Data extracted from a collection

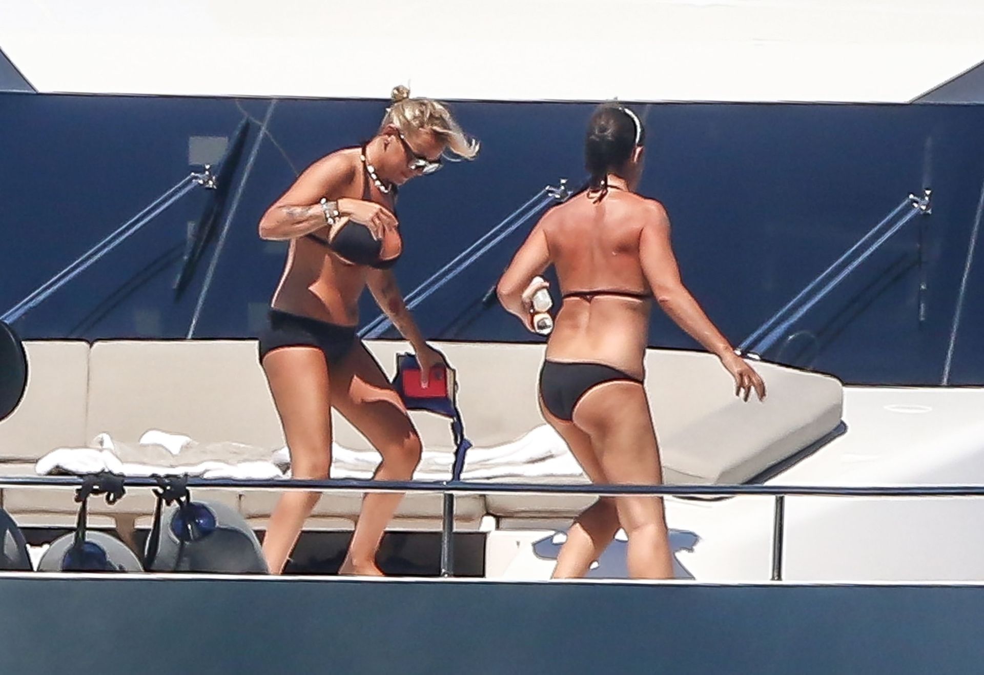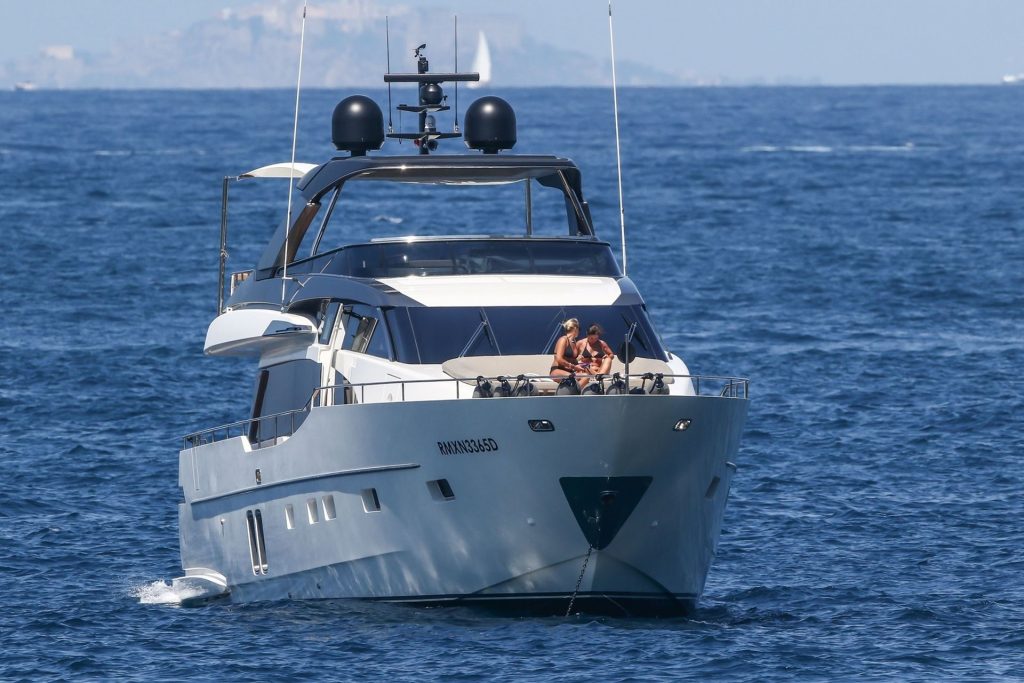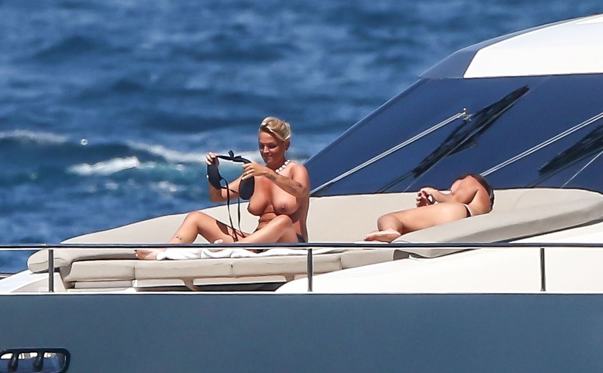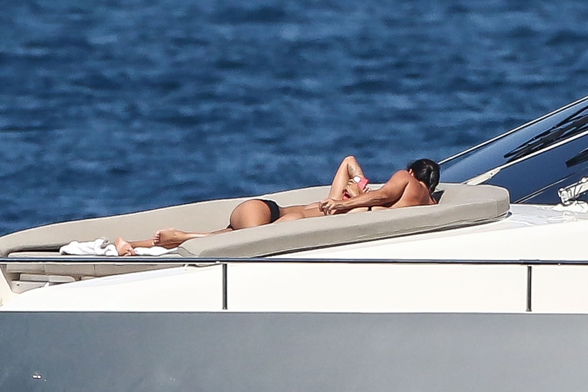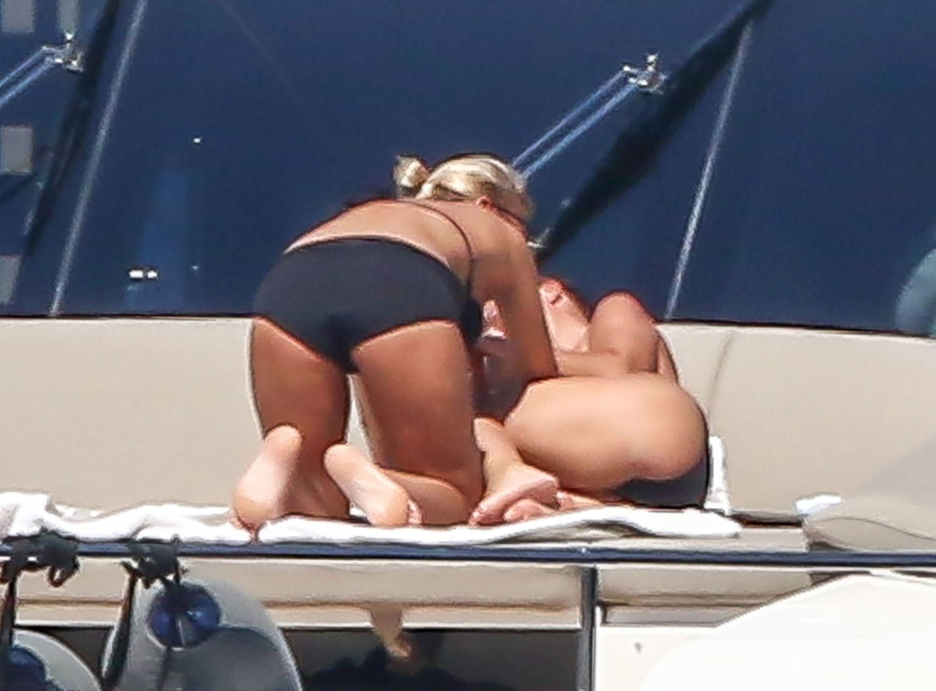 L’ex de Silvio Berlusconi Francesca Pascale et la chanteuse Paola Turci bronzent et se dénudent lors de leurs vacances ensoleillées à bord de leur yacht de luxe sur la Costiera Sorrentina en Italie, 13/08/2020.
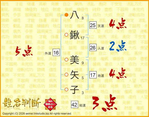八(8画)鍬(17画) 美(9画)矢(5画)子(3画)
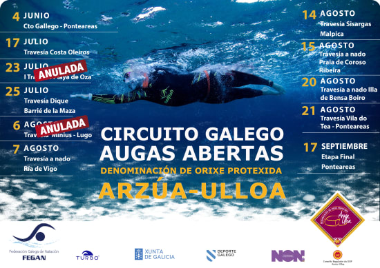 Circuito Galego Augas Abertas Denominación de Orixe Protexida Arzúa-Ulloa: El circuito consta de 11 etapas, un total de 40.500 metros, 38.800 para la categoría máster sin tramos neutralizados, todos los metros forman parte de la competición. Las pruebas estarán controladas por los jueces del Comité Galego de Árbitros.
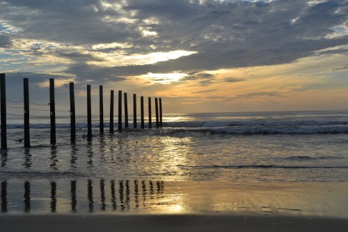 We drove along the beach up to the North Carolina/Virginia state line. This fence marks the line and extends up on the beach. It’s one of the boundaries used to contain the horses within their protected area.
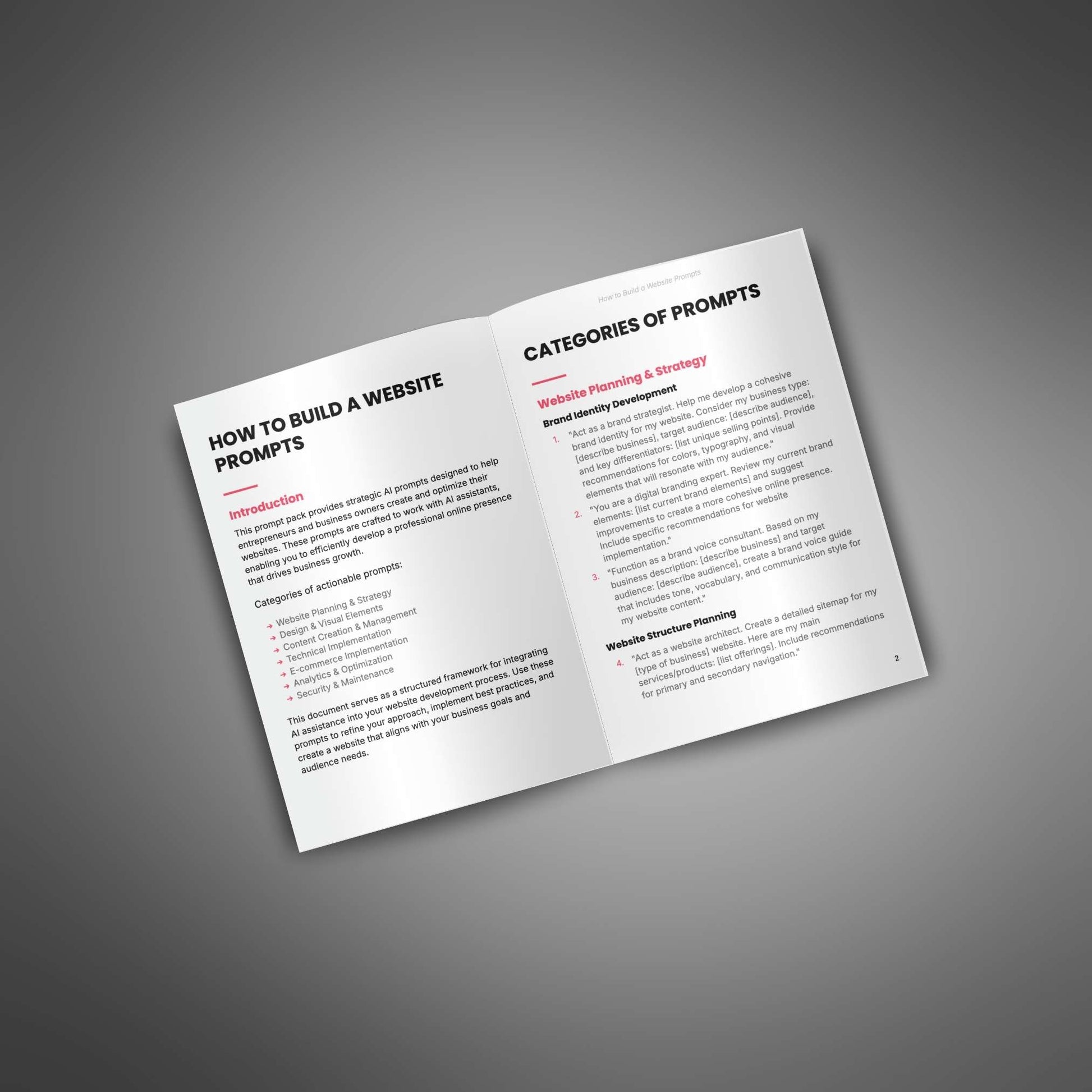 A powerful prompt pack that simplifies website creation. Whether you are launching a new site or improving an existing one, this pack provides actionable prompts to guide toward a professional and high-performing online presence.
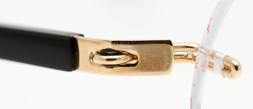 กรอบแว่นสุดคลาสิคแห่งยุคแบบไร้กรอบ ทำจากทองคำชมพู 18 กะรัต ผสมผสานกับเขาสัตว์แท้จากธรรมชาติ และแป้นจมูกทองคำชมพู เหมาะสำหรับผู้ที่ต้องการเสริมบุคลิก ให้ดูภูมิฐาน สง่างาม

- WHAT TO DO -
Would you copy, word for word, only the lines above from the one containing "八(8画)鍬(17画) 美(9画)矢(5画)子(3画)" through the one containing "We drove along", both included, and please leave out the pictures?

- WRITTEN ANSWER -
八(8画)鍬(17画) 美(9画)矢(5画)子(3画)
 Circuito Galego Augas Abertas Denominación de Orixe Protexida Arzúa-Ulloa: El circuito consta de 11 etapas, un total de 40.500 metros, 38.800 para la categoría máster sin tramos neutralizados, todos los metros forman parte de la competición. Las pruebas estarán controladas por los jueces del Comité Galego de Árbitros.
 We drove along the beach up to the North Carolina/Virginia state line. This fence marks the line and extends up on the beach. It’s one of the boundaries used to contain the horses within their protected area.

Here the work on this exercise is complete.